- **GIVEN DATA**
----

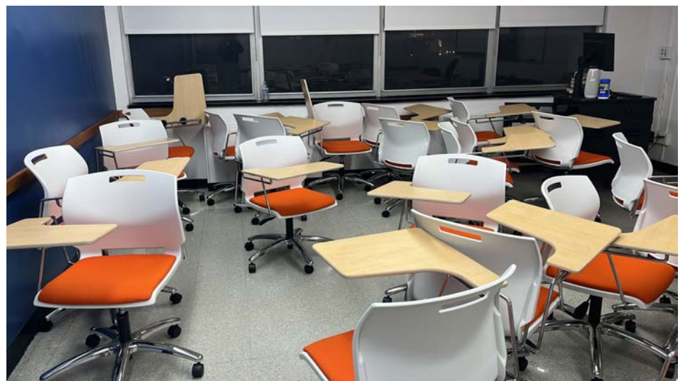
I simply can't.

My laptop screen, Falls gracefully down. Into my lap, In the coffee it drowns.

----

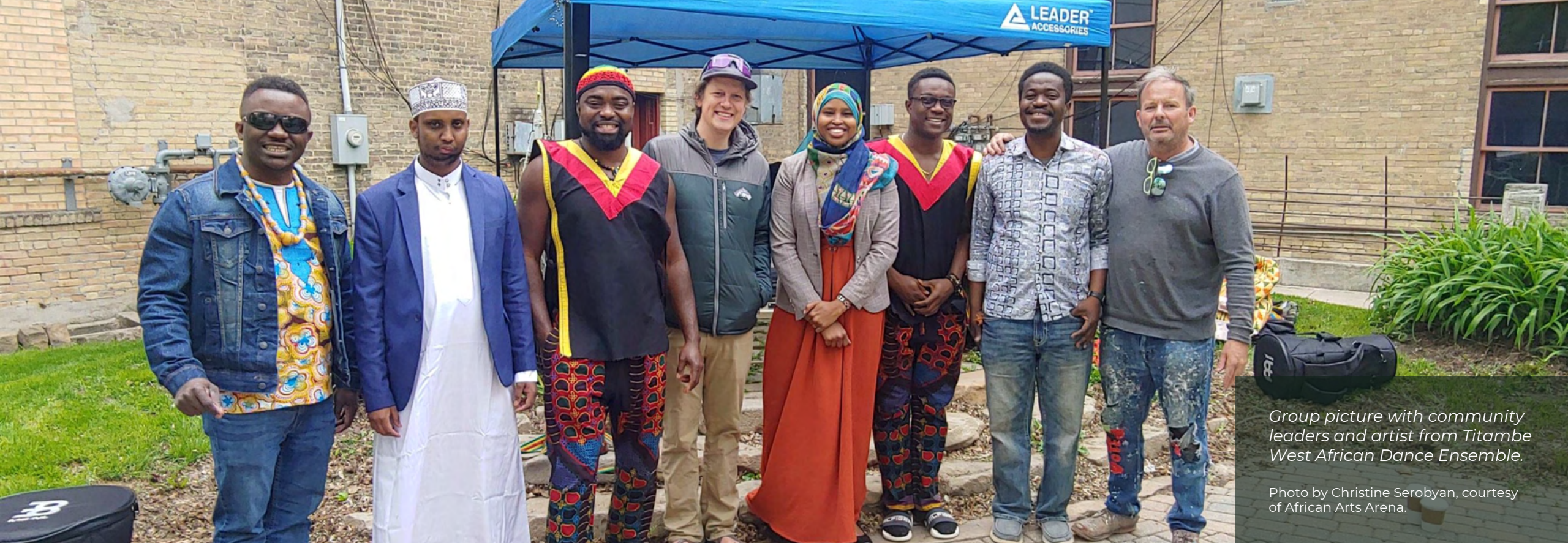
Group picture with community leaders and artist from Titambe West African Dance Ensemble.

----

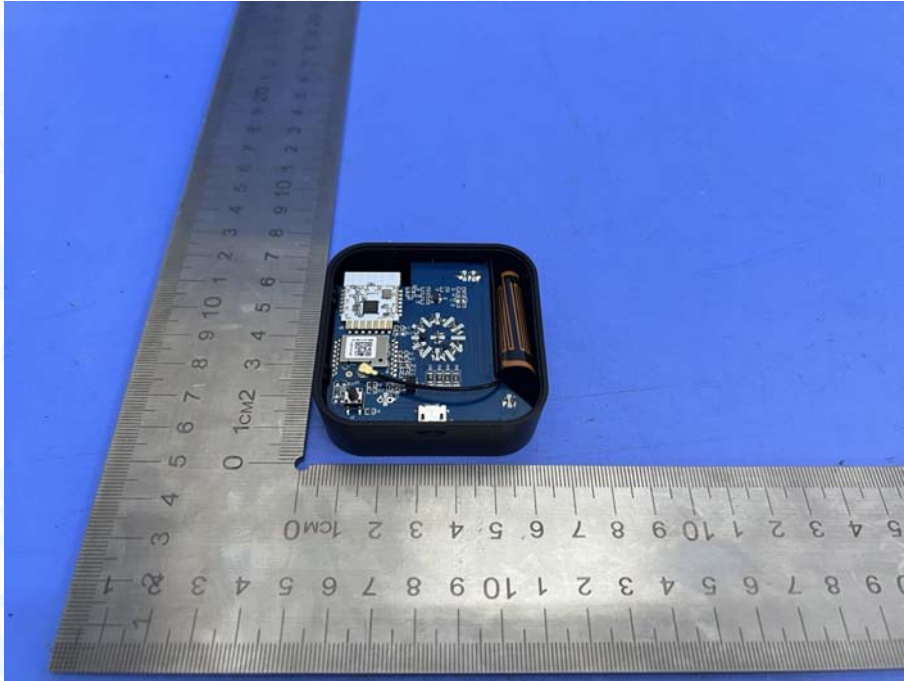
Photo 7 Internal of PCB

----

- **WHAT YOU NEED TO DO**
Copy out each line of the data above, exactly, if it lies between the line holding "I simply can't." and the line holding "My laptop screen, Falls", inclusive; copy no other line.

- **EXERCISE RESPONSE**
I simply can't.

My laptop screen, Falls gracefully down. Into my lap, In the coffee it drowns.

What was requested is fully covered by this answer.